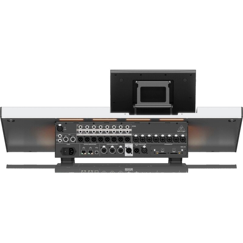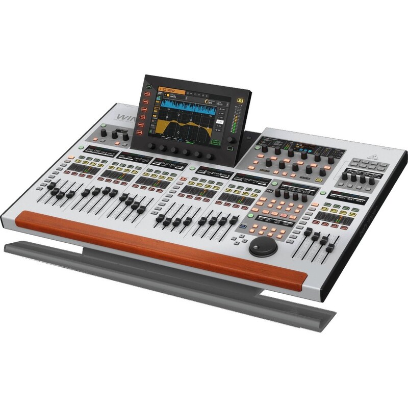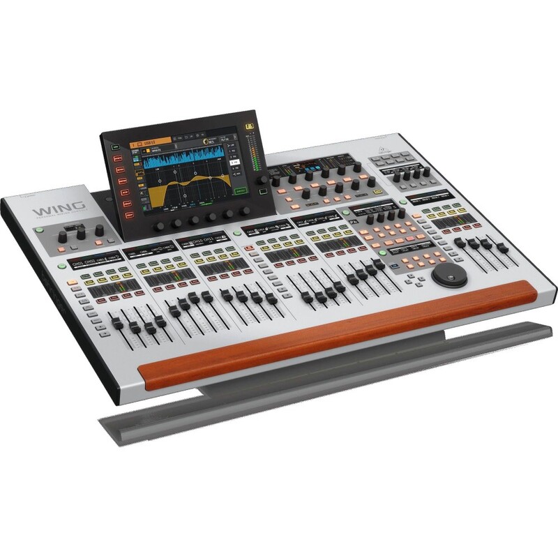The WING control surface utilizes a large capacitive touchscreen interface with touch-sensitive rotary controls for a new ease of operation. Three separate fader sections and a Custom Controls section can be tailored easily and intuitively to meet your personal requirements. No matter if you need a specific bus send fader next to the corresponding channel fader, or a dedicated “money” channel always at your fingertip, or even sharing the surface with two engineers - WING can be configured to elevate your production to a new level. You can even replace and customize the massive wooden armrest with something funkier if you like. The technical drawing can be found in the Downloads section of the product page.
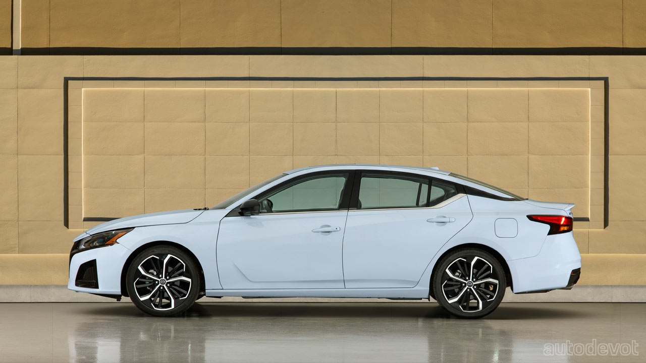 Nissan has updated the Altima sedan for 2023 for the U.S. market, with styling revisions and upgraded onboard technology. Pricing will be announced closer to its launch date this fall. The 2023 Altima lineup includes 8 trims: S FWD, SV FWD, SV AWD, SR FWD, SR AWD, SL FWD, SL AWD and SR VC-Turbo FWD.
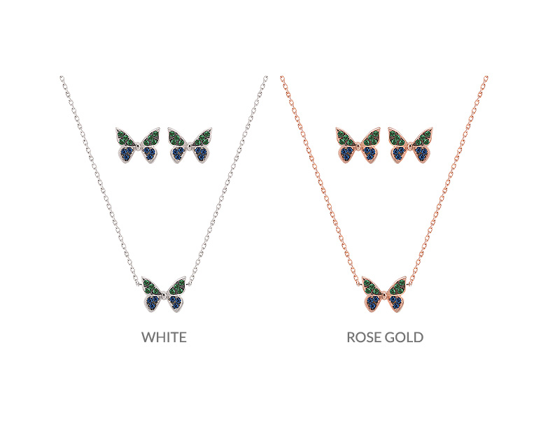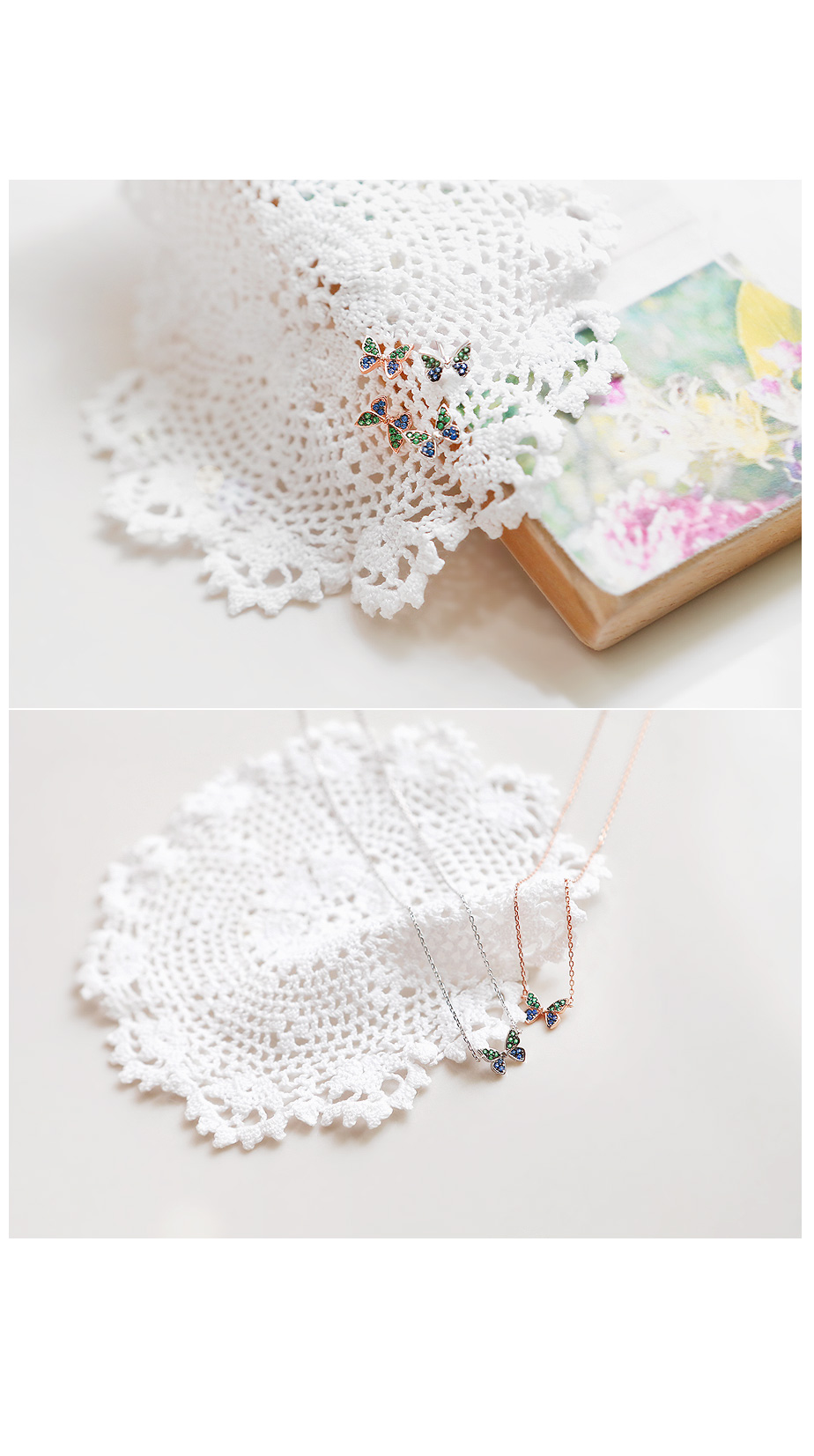 다른 컬러감의 큐빅이 믹스매치 되어 유니크한 매력을 가져다주는 버터플라이 큐트 세트

__Problem to solve__:
Please reproduce each line of the listing above exactly, skipping pictures.

__Answer space__:
The WING control surface utilizes a large capacitive touchscreen interface with touch-sensitive rotary controls for a new ease of operation. Three separate fader sections and a Custom Controls section can be tailored easily and intuitively to meet your personal requirements. No matter if you need a specific bus send fader next to the corresponding channel fader, or a dedicated “money” channel always at your fingertip, or even sharing the surface with two engineers - WING can be configured to elevate your production to a new level. You can even replace and customize the massive wooden armrest with something funkier if you like. The technical drawing can be found in the Downloads section of the product page.
 Nissan has updated the Altima sedan for 2023 for the U.S. market, with styling revisions and upgraded onboard technology. Pricing will be announced closer to its launch date this fall. The 2023 Altima lineup includes 8 trims: S FWD, SV FWD, SV AWD, SR FWD, SR AWD, SL FWD, SL AWD and SR VC-Turbo FWD.
 다른 컬러감의 큐빅이 믹스매치 되어 유니크한 매력을 가져다주는 버터플라이 큐트 세트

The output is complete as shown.